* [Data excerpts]
******

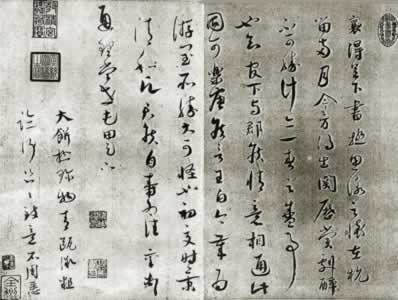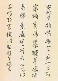 《思咏帖》书体属草书,共十行,字字独立而笔意暗连,用笔虚灵生动,精妙雅妍。通篇虽不及“茶”、“茗”一字,但其中蕴含的风流倜傥的人物形象,及其游戏茗事的清韵,则真是呼之欲出,袅袅不绝。
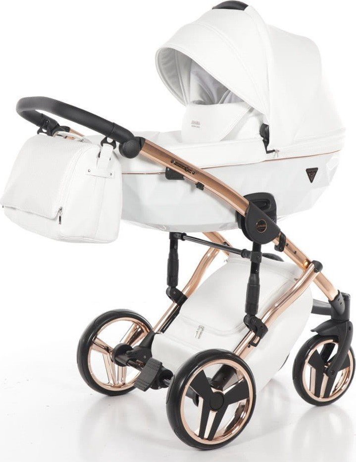 Wózek Junama Wózek JUNAMA DIAMOND INDIVIDUAL dziecięcy wielofunkcyjny 3w1 biały 06 na miedzianej ramie
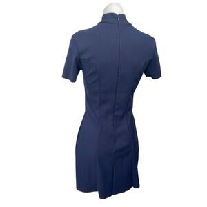 Zara Navy Blue Mock Neck Short Sleeve Stretch Pleated Mini Bodycon Dress Size S
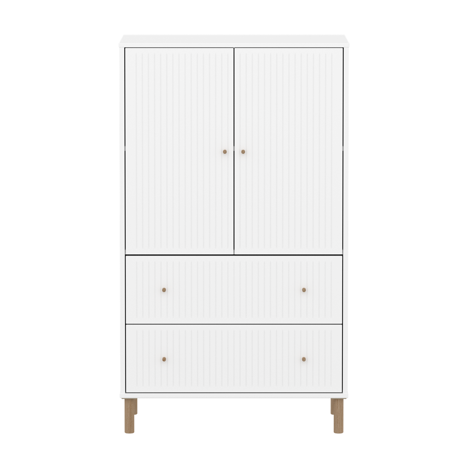 De Flexa Saga Kast heeft 2 deuren, 2 lades en 1 verstelbare plank. De soft-close deuren en lades beschermen kleine vingers en bieden veiligheid, terwijl de ronde eiken knoppen een verfijnde, eenvoudige nordische uitstraling geven.
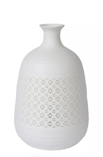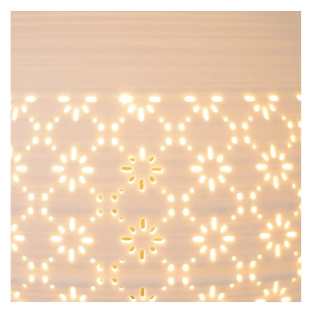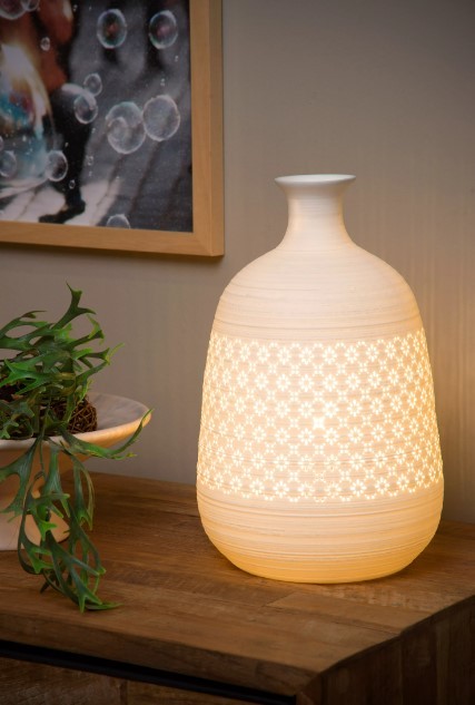 Stolní lampa Tiesse od belgické značky Lucide Vás zkrátka zahřeje na srdci. Konstrukce je vyrobena z kvalitního porcelánu, který je doplněn o motiv jenž tvoří pravidelně proděravěný vzor.
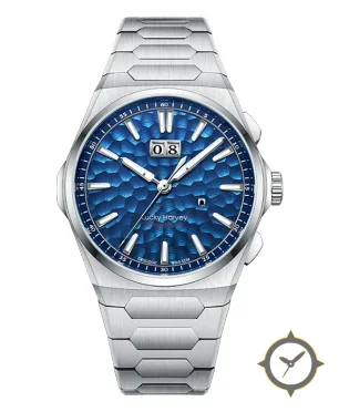 A Luxury watch with a bold 44mm presence on the wrist, crafted from stainless steel featuring a blue dial with a unique hammered/mosaic textured finish (sunburst/guilloché-like) finish.
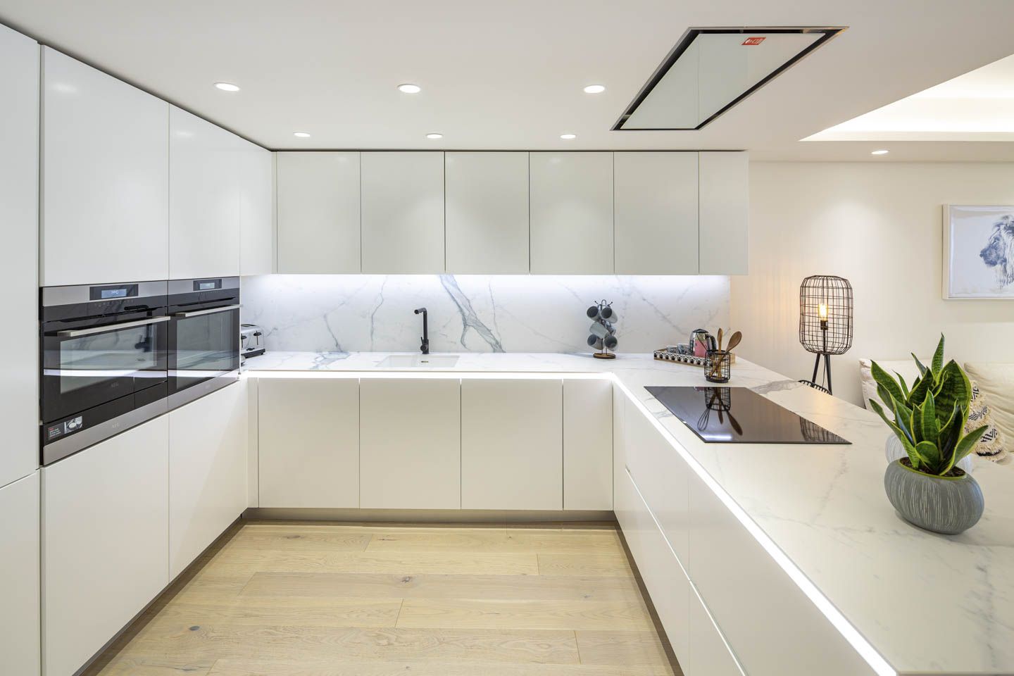 These were two adjoining apartments, for which our client wanted the same design and use of space, but with a different touch. And so we did! Both apartments have custom-made kitchen cabinets in white and straight lines, but the different countertops give them a style of their own.

******

* [What this task involves]
Repeat word for word the lines beginning at the one with "Stolní lampa Tiesse" and ending at the final line of the records above, both included, and no others. Leave the pictures out.

* [Solution to this task]
 Stolní lampa Tiesse od belgické značky Lucide Vás zkrátka zahřeje na srdci. Konstrukce je vyrobena z kvalitního porcelánu, který je doplněn o motiv jenž tvoří pravidelně proděravěný vzor.
 A Luxury watch with a bold 44mm presence on the wrist, crafted from stainless steel featuring a blue dial with a unique hammered/mosaic textured finish (sunburst/guilloché-like) finish.
 These were two adjoining apartments, for which our client wanted the same design and use of space, but with a different touch. And so we did! Both apartments have custom-made kitchen cabinets in white and straight lines, but the different countertops give them a style of their own.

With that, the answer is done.